The case for mini-hubs

The concept of ‘mini-hubs’, where a central office is supplemented by satellite offices in the local areas of employees, is also a possibility moving forward, says Brennan. It’s too early, however, to tell if this idea will take off or if there should be government funding for it.

“There are those who may be in favour of something like dispersed hubs,” Brennan says. “But there would be an alternative view that if you’re in the hybrid model, then maybe you’re quite happy to use the CBD if you’re in a major city and you might even tolerate a slightly longer commute to do it because you’re doing it less often.

“It’s really difficult to say with certainty whether jobs will concentrate in the CBD more or whether they will push out towards suburban hubs. For that reason, I’d be a bit wary of too much public investment that was premised on a particular view of that. I think it’d be better to see what emerges over time.”

Brennan admits that it’s difficult to determine if these changes will have a major impact on employee productivity. “There’s probably enough evidence to suggest that quite a number of workers, if they’re working from home, can be as productive for those hours of work as they are in the office,” he says.
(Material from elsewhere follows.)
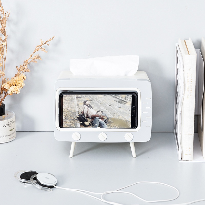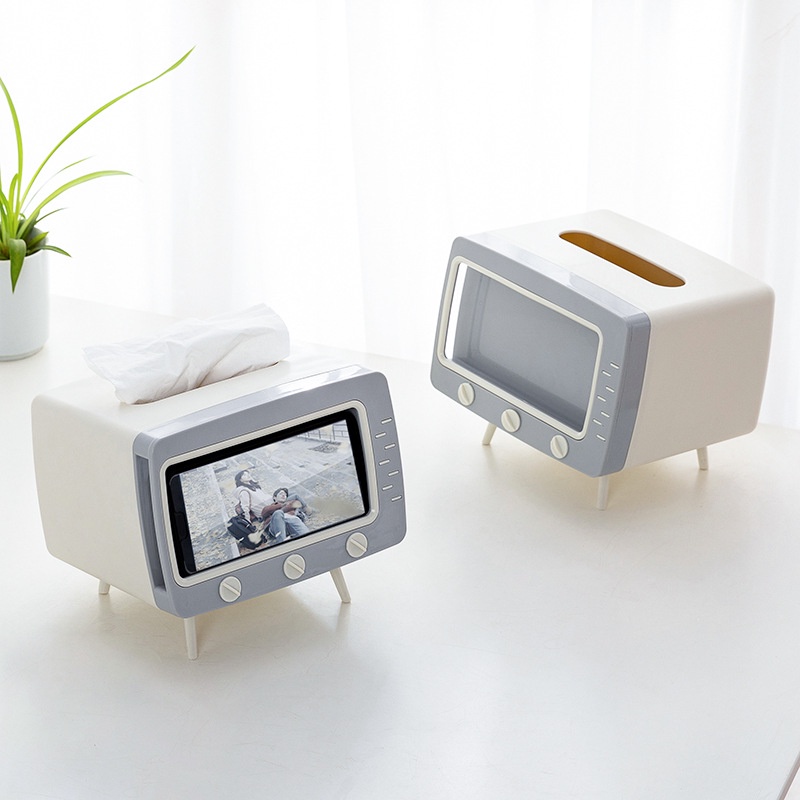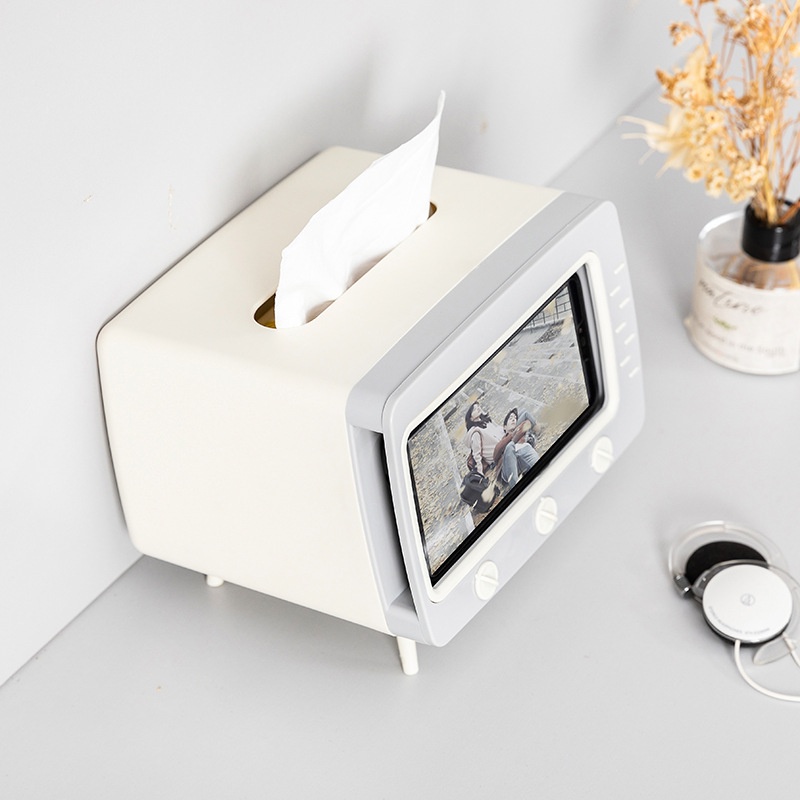Hộp đựng giấy ăn hình ti vi , kèm giá đỡ điện thoại phong cách Hàn Quốc

“It’s more likely that those people who are going to work from home more are the ones who do it relatively well rather than those who do it relatively badly,” he says.

Still, Bardoel says, it’s important to acknowledge both the pros and cons of working from home.

“With the survey we conducted, the benefits people highlighted were that there’s no commute, greater flexibility, financial savings, more time with family and friends and increased productivity,” she says. “But there are also people who identified challenges – one of the most dominant things was the boundary between work and home was blurred, and there’s been an increase in loneliness, particularly among single people.

“I think it’s important we don’t lose sight of these challenges while still acknowledging the positives.”